My Father's Glory
- First edition
- Author: Marcel Pagnol
- Original title: La Gloire de Mon Père
- Language: French
- Series: Souvenirs d'enfance
- Genre: Autobiographical novel
- Publisher: Pastorelly
- Publication date: 1957
- Publication place: France
- Media type: Print (Hardback & Paperback)

= My Father's Glory =

1957 novel by Marcel Pagnol

My Father's Glory (La Gloire de mon père, /fr/) is a 1957 autobiographical novel by Marcel Pagnol. Its sequel is My Mother's Castle. It is the first of four volumes in Pagnol's Souvenirs d'enfance series. There is also a 1990 film based on the novel, which is directed by Yves Robert.

==Plot summary==

A poetic novel about his family and early years rather than a literal autobiography, Pagnol opens with the stories of his two parents, Joseph and Augustine, and his arrival in 1895 as their first child in the little town of Aubagne among the mountains of Provence. A school teacher there, the fiercely secular and socialist Joseph then gets a better job in the bustling city of Marseille. There his mother's sister Rose is courted by the fiercely conservative and Catholic Jules, who marries her. Despite striking many sparks off each other, the two brothers-in-law overall enjoy each other's company. So much so that in 1904 they agreed to rent a remote farmhouse outside the village of La Treille, where the two families can spend their summer together and get back to the simple pleasures of rural life. After a long struggle up mountain tracks, with their belongings on a mule, they reach what for young Marcel is an earthly paradise. He falls instantly in love with the wild landscape, its distinctive vegetation, and its abundant wildlife.
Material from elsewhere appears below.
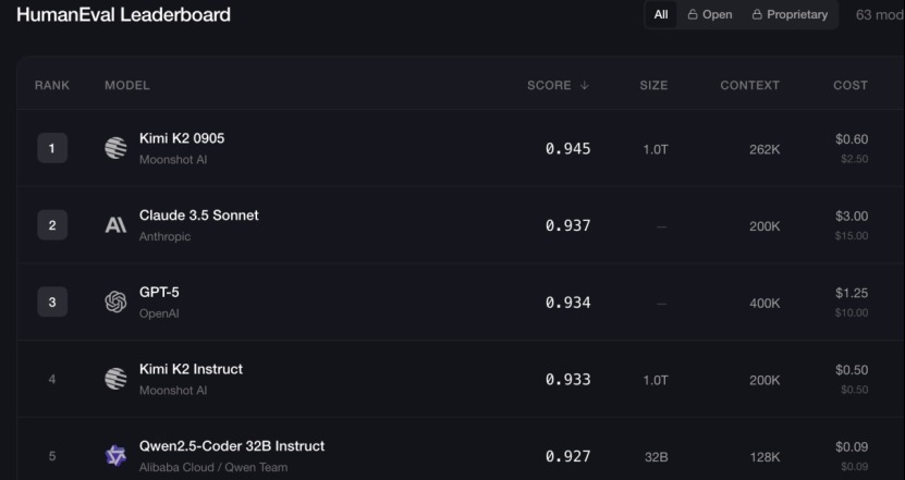 Human Eval排名前五的模子别离来自于Kimi、Anthropic、OpenAI、阿里。

While he and his little brother Paul spend their days in happy play among the hills, his father and uncle have a weightier business. It will soon be the opening of the shooting season and, now they are proper countrymen rather than city intellectuals, they must be out with shotguns in search of game. As Joseph has never fired a gun in his life, Jules has all the pleasure of teaching the ignorant teacher the mysteries of this craft. In addition to learning how to use the weapon, Joseph has to learn how to bring down all the different sorts of game, above all the most legendarily difficult and rewarding local bird. This is the rock partridge, of which few men have hit more than a couple of tail feathers. On the great day, the two set off and young Marcel disobeys them by following, for he is terribly worried that his shy spectacle-wearing father will be humiliated by the loud know-all uncle. Trying to keep out of sight, the boy gets lost in the uninhabited mountains, until after several hours he hears two shots in quick succession. Out of the sky near his feet fall two rock partridges. His father got them, his only kill of the day, by firing both barrels. Next day, Joseph volunteers to go down to the village for the shopping and ties the two carcasses to his belt. The whole community is lost in admiration for his unparallelled feat and the priest is so impressed that he overcomes Joseph's atheist scruples by rushing home for a camera to record this historic moment.